Клэр подняла наполненные слезами глаза на Монику, а та продолжала уговаривать ее.
— Сегодня так много семей разрушаются и так много одиноких родителей, вроде меня. Мне не надо вам об этом говорить, работая в школе, вы все знаете. И хотя мне не за что извиняться в том, что касается воспитания сына, я понимаю, что такие семьи, как ваша — самые лучшие, — где есть и мать, и отец, и дети, которых они воспитали вместе. Это остается американской мечтой, но, увы, она устаревает. Если бы у меня было такое прошлое, как у вас с Томом, и двое прекрасных детей, и все эти счастливые годы вдвоем, я бы боролась за то, чтобы удержать мужа, а не за то, чтобы выгнать его прочь. Вот. Я сказала, что хотела. А теперь поступайте, как знаете.
В тишине, которая последовала за этим, женщины сидели неподвижно, связанные тем, что обеим пришлось обнажить душу. Клэр нашла салфетку в кармане пальто и вытерла нос, а потом, опустив глаза, молча позволила эмоциям плясать причудливый танец в ее душе. Здесь были и облегчение, и благодарность, и уважение к той женщине, что сидела рядом, надежда и сильное волнение, когда она представляла, как войдет в дом и посмотрит Тому в глаза. Наконец она вздохнула и повернулась к Монике.
— Знаете, я всегда была готова к тому, чтобы невзлюбить вас.
— Это можно понять.
— Вчера на собрании я пыталась мысленно обвинить вас в чем-то, но не смогла. Меня даже рассердило, что не смогла. Я бы хотела, чтобы вы оказались… — Клэр пожала плечами, — не знаю… с какими-нибудь изъянами. Грубой, или, может быть, непонятливой, или высокомерной, чтобы я могла критиковать вас, если не открыто, то в душе. А теперь я понимаю, почему Кент такой воспитанный.
— Спасибо.
— Наверное, нам надо поговорить и о нем тоже.
— Если хотите.
— Это надо было сделать на собрании, и я понимала это.
— Но тогда мы бы перешли за рамки чисто деловых отношений.

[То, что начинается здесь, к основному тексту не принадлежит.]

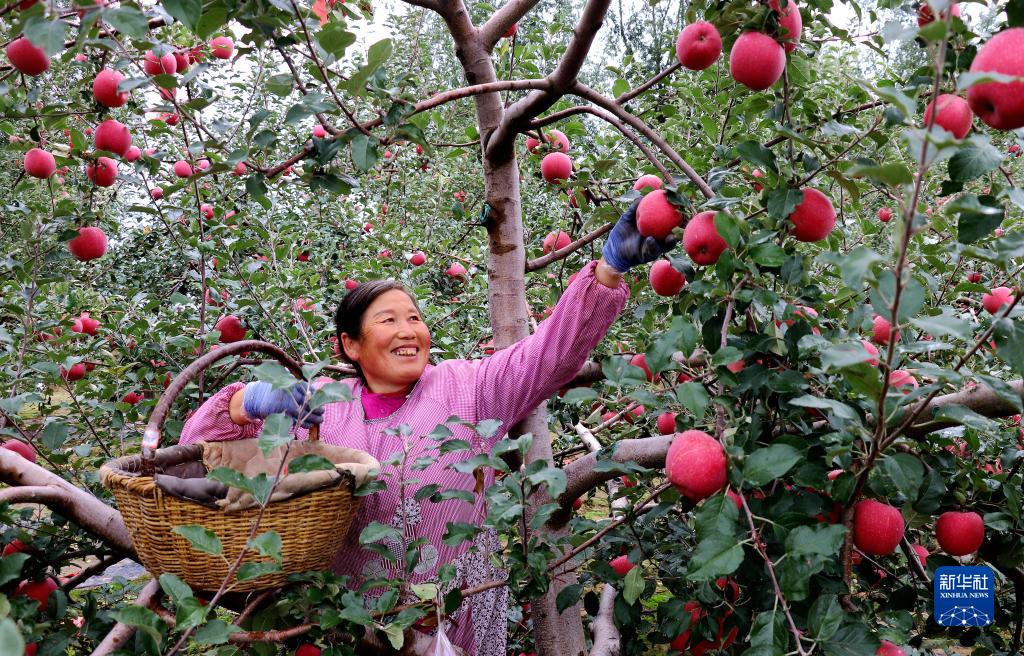10月8日,在甘肅省平?jīng)鍪徐o寧縣威戎鎮楊灣村,果農在采摘蘋(píng)果。新華社發(fā)(王毅 攝)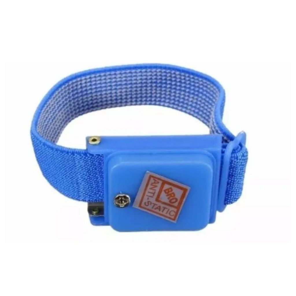 A Pulseira antiesática sem fio de proteção contra descargas eletrostáticas. Produto indispensável para o manuseiro de placas e circuitos eletrônicos e PCB's. * Ajustavél ao punho. * Acompanha pulseira extra. * Acompanha Nota Fiscal. * Garantia de 90 dias contra defeitos de fábrica. Características: Cor: azul Resistência: 1M Ohm (+/-5%) Tempo de descarga elétrica 0.1s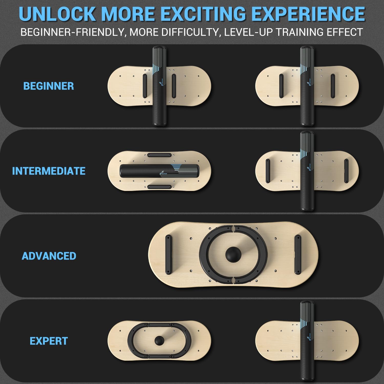 - 【2-in-1 Vielseitiges Set】Jedes Set wird mit 1 Balance-Board, 1 Rolle und 1 Ball geliefert, die 7 einzigartige Herausforderungsmodi bieten, sodass Sie sich schrittweise nach oben arbeiten können, um Ihre Kraft und Ihr Gleichgewicht zu verbessern.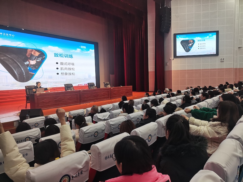 讲座上,冉医生围绕教师职业压力、学生心理问题应对以及教师自我心理调适等要点展开深入讲解。她分析了教师面临的工作、家庭和社会压力以及对个人身心的影响,并结合实际案例,分享了情绪管理、时间管理和沟通技巧,特别强调了教师自我心理调适的重要性,现场演示了深呼吸、肌肉放松和正念冥想等放松技巧,并引导教职工进行实践。针对学生心理问题,冉医生强调了教师识别学生焦虑、抑郁和社交障碍的重要性,倡导教师根据学生的个体差异实施个性化教学,以支持学生的全面发展。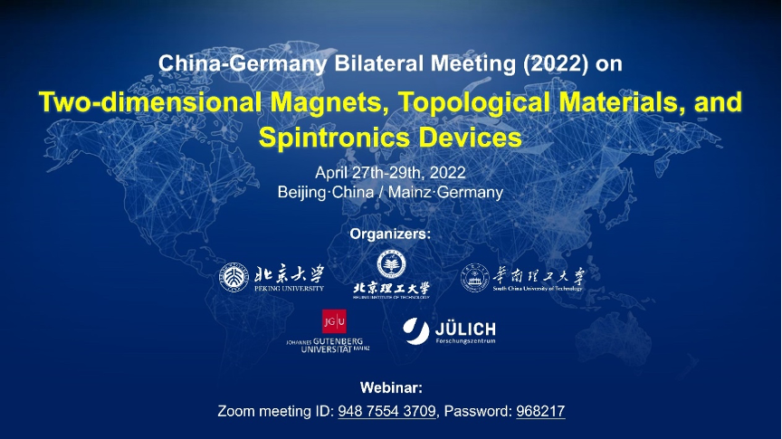 2022年4月27-29日,必赢bwin官方网站与北京大学、华南理工大学、德国美因茨大学、德国于利希研究中心联合举办了“二维磁性/拓扑材料与自旋电子学器件中德双边研讨会(2022)”。侯仰龙教授、Mathias Kläui教授、姚裕贵教授、冯万祥教授和Yuriy Mokrousov教授为会议联合主席,吴锐教授任会议中方联络人。本次研讨会采取线上+线下结合方式,聚集了来自中德双边二维磁性/拓扑材料领域顶尖科学家,共计24位主题报告。必赢bwin官方网站的4位教师,姚裕贵教授、冯万祥教授、肖文德研究员、王秩伟研究员,分别在本次中德双边会议上做了主题报告。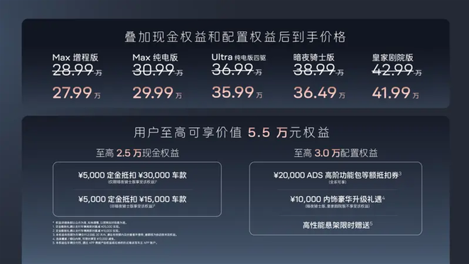 1.5,000元定金抵扣30,000车款元(仅限暗夜骑士版享受该权益)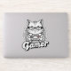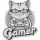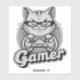 Dans ce design, plongez dans l'univers des jeux vidéo avec une esthétique raffinée et une touche de fantaisie féline. Vous découvrirez un chat arborant des lunettes noires et maîtrisant une manette de jeu rétro. L'œuvre, réalisée en monochrome, est relevée par des touches de couleur vives qui mettent en valeur les boutons de la manette, créant un contraste dynamique.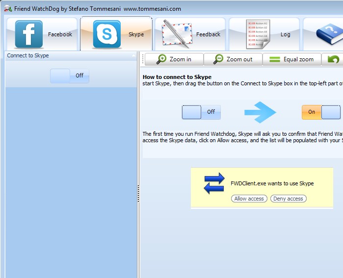 Skype has to be installed and running if you want to connect to it. Move the Off button to On once that Skype is up and running. If it’s your first time, you’re gonna have to allow Friend Watchdog access to your account. List of friends and contact activity charts should appear on the right, just like the one that Facebook has.

— Все равно непростительно с моей стороны.
— Ой, не казните себя так. Мы разговариваем сейчас, вот что важно.
— И вообще, мы вчера отлично со всем справились, принимая во внимание то, что творилось у нас в душе, — решила Клэр.
— Да, действительно.
Если бы они были подругами, это признание вызвало бы улыбку на их лицах. Но обе знали, что никогда не станут подругами. Но они могли из врагов превратиться в союзников.
— Что касается Кента… — проговорила Клэр.
— Можно понять, как трудно вам принять его, и я это осознаю.
— Но я должна. Я это понимаю.
— Да, ради своих детей.
— И ради Тома.
— И ради Тома. Я знаю, что дети, все трое, ждут этого и, думаю, Том тоже. Вы, наверное, слышали, что он встречался с Кентом после того, как вы разъехались. Они пытаются установить отношения, как между отцом и сыном. Но на это потребуется время.
— Время и поддержка с моей стороны, вот что вы хотите сказать, ведь так?
— Мм… ну, да… да, так.
Снова наступила тишина. Теперь Клэр уже вполне освоилась с Моникой.
— Я скажу вам что-то, чего не говорила еще даже Тому. У меня было много времени обдумать, как решить этот вопрос, если мы с ним снова будем жить вместе, и я поняла, что нынешний учебный год — всего лишь небольшой отрезок времени по сравнению с годами, ожидающими нас в будущем. Когда он закончится, и Кент поступит в колледж, я думаю, мне будет легче относиться к нему объективно. И я не стану лгать вам и говорить, что желание моих детей ничего не значит, потому что это не так. Если они хотят узнать своего брата поближе, то я не буду им мешать.
— Не хотите же вы сказать, что он окажется желанным гостем в вашем доме?
Клэр потребовалось время, чтобы ответить.
— Ой, Моника, вы меня обескураживаете.
— Тогда не отвечайте. Пусть пройдет время.
— Время… да. Доброе старое время. Оно действительно лечит, ведь так?
— Думаю, да.
— Наверное, надо спросить — как вы отнеслись к тому, что мои дети явились к вам в дом?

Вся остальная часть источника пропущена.